The government’s proposed budget for Fiscal 2015 is an “emergency budget” that should not be confused with the fiscal framework Puerto Rico should have to ensure the economy works the way it wants it to in the future.
So said Juan Lara, chief economist of Advantage Business Consulting and economics professor at the University of Puerto Rico, before members of the Puerto Rico Chamber of Commerce Thursday.
“Right now, we’re managing a fiscal and economic emergency and the budget we’re considering is an emergency budget,” he said. “The most important thing about this budget is that it will be balanced. That’s essential, considering what has happened with our credit.”
The government, he said, has spent more than eight years trying unsuccessfully to balance the budget.
“It’s important that we do it now,” he said.
Balancing a budget, he said, is the first step toward long-term economic recovery. However, the government needs to guarantee that it will be able to maintain that balance moving forward until the island regains access to the market with a better credit rating and favorable emissions.
“We could even contemplate borrowing in the future not to cover ongoing expenses, but to make capital investments that promote economic growth,” he said.
Gov. Alejandro García-Padilla’s administration is proposing a $9.6 billion budget, which includes $500 million in debt that the government will not refinance to pay off, as has been the norm. To achieve a balance, the government is proposing “containing debt and reducing expenses,” which will eliminate automatic increases in assignments to the University of Puerto Rico, the Judiciary branch, as well as expenses associated with collective bargaining agreements, and other recurring costs.

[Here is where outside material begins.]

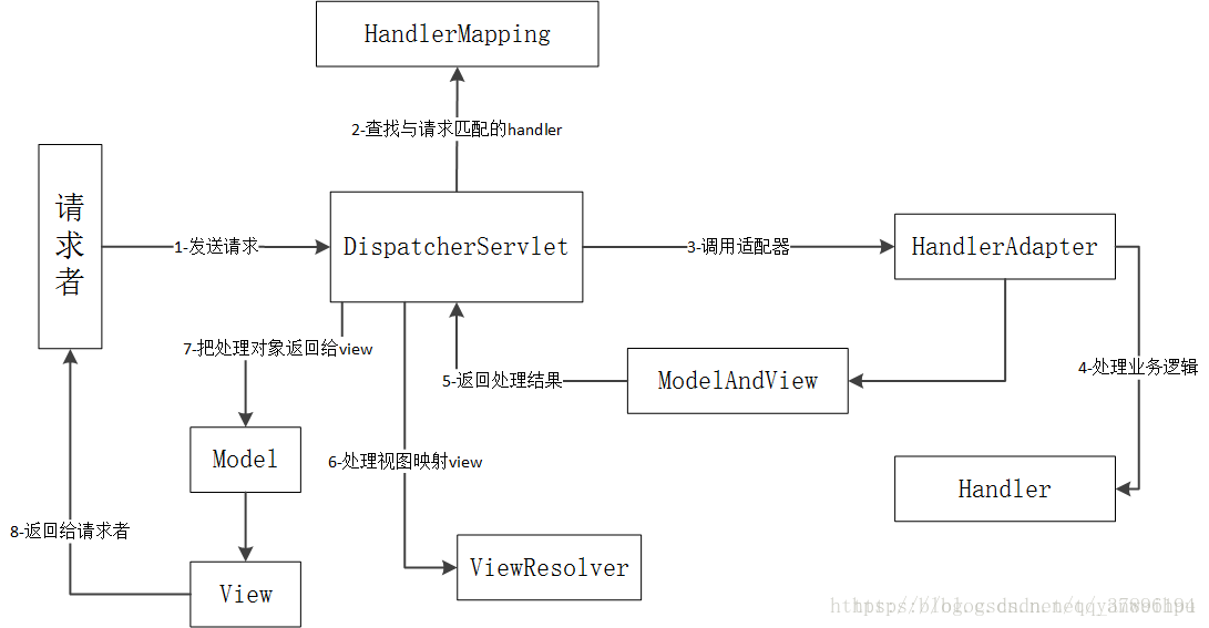 在上图中包含 4 个 Spring MVC 接口,即 DispatcherServlet、HandlerMapping、Controller 和 ViewResolver。

Budget ‘for a new economy’
If the government sticks to the proposed budget in 2015, then it will need to begin a two-year transition into a “sustainable balanced budget,” Lara said.
However, achieving that will necessitate reforms.
“To make that transition, Puerto Rico needs to design a tax reform that guarantees that the government will have a stable revenue structure,” he said. “We also have to reform the government apparatus to change the composition of its expenses and how agencies operate.”
Furthermore, he said the island needs a budget in the next three to four years that becomes an “instrument of economic development,” which will require adjusting the tax and expenses policies to a new economic development strategy that “we have yet to define clearly.”
“That is the most important project we have ahead of us regarding everything that has to do with the economy,” Lara said. “We have to redefine the economic development strategy and all future government expenses must fit into that redefinition. We need a budget for a new economy.”